▶ [Action item]: The response should contain all of the data below, reproduced exactly, and no pictures.

▶ [Given data]:

══════════

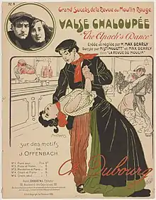 La danse représente une dispute de couple, souvent entre un voyou Apache et une prostituée. L'homme donne l'impression de frapper et de battre la femme, parfois jusqu'à la rendre inconsciente et parfois la femme se bat en retour. La danse est violente, sportive et spectaculaire[10]. Finalement, le couple effectue une valse rythmée[2],[alpha 1]. Contrairement aux apparences, la danse a été créée par une femme comme assertion d'indépendance et d'autonomisation des femmes[3],[5].
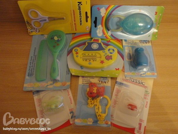 Малышку ножницы (кстати поразили цены в среднем 150-250 руб за них, взяла курносики за 80р., думаю они ничем не отличаются от дорогих), контейнер для пустышек, расчески, термометр для воды (понравился кораблик)), аспиратор для носика, ну и пустышки с цепочкой.
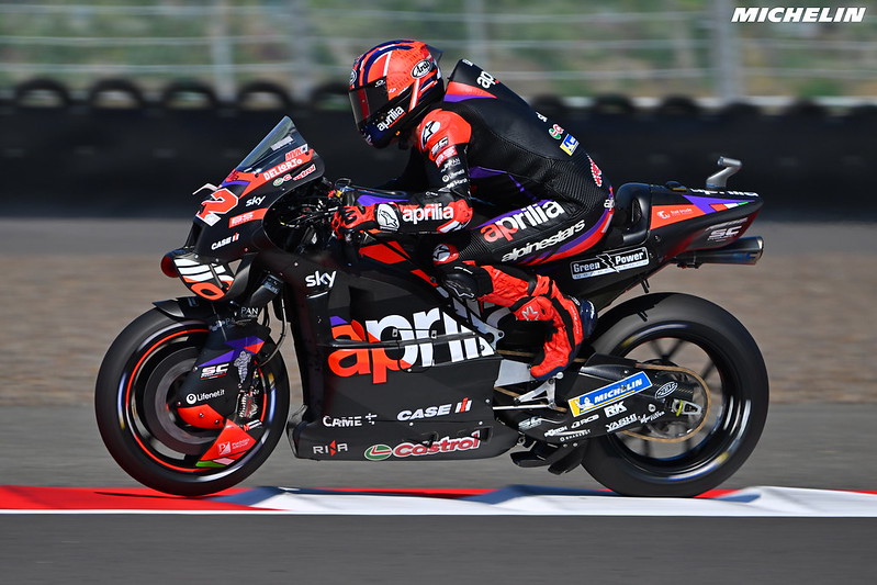 En Indonésie, Maverick Vinales sauve la face d’Aprilia ce vendredi. La firme de Noale a connu une sorte de journée noire, avec de maigres résultats d’une part, mais aussi, la perte d’un élément important en la personne de Miguel Oliveira, poignet cassé. Vinales sera le seul représentant d’Aprilia en Q2 à moins que ses collègues ne s’extirpent d’une Q1 qui s’annonce assez relevée. L’Espagnol, en partance pour KTM Tech3 l’année prochaine, constate avec amertume la régression de son employeur.

══════════

▶ [Task result]:
 La danse représente une dispute de couple, souvent entre un voyou Apache et une prostituée. L'homme donne l'impression de frapper et de battre la femme, parfois jusqu'à la rendre inconsciente et parfois la femme se bat en retour. La danse est violente, sportive et spectaculaire[10]. Finalement, le couple effectue une valse rythmée[2],[alpha 1]. Contrairement aux apparences, la danse a été créée par une femme comme assertion d'indépendance et d'autonomisation des femmes[3],[5].
 Малышку ножницы (кстати поразили цены в среднем 150-250 руб за них, взяла курносики за 80р., думаю они ничем не отличаются от дорогих), контейнер для пустышек, расчески, термометр для воды (понравился кораблик)), аспиратор для носика, ну и пустышки с цепочкой.
 En Indonésie, Maverick Vinales sauve la face d’Aprilia ce vendredi. La firme de Noale a connu une sorte de journée noire, avec de maigres résultats d’une part, mais aussi, la perte d’un élément important en la personne de Miguel Oliveira, poignet cassé. Vinales sera le seul représentant d’Aprilia en Q2 à moins que ses collègues ne s’extirpent d’une Q1 qui s’annonce assez relevée. L’Espagnol, en partance pour KTM Tech3 l’année prochaine, constate avec amertume la régression de son employeur.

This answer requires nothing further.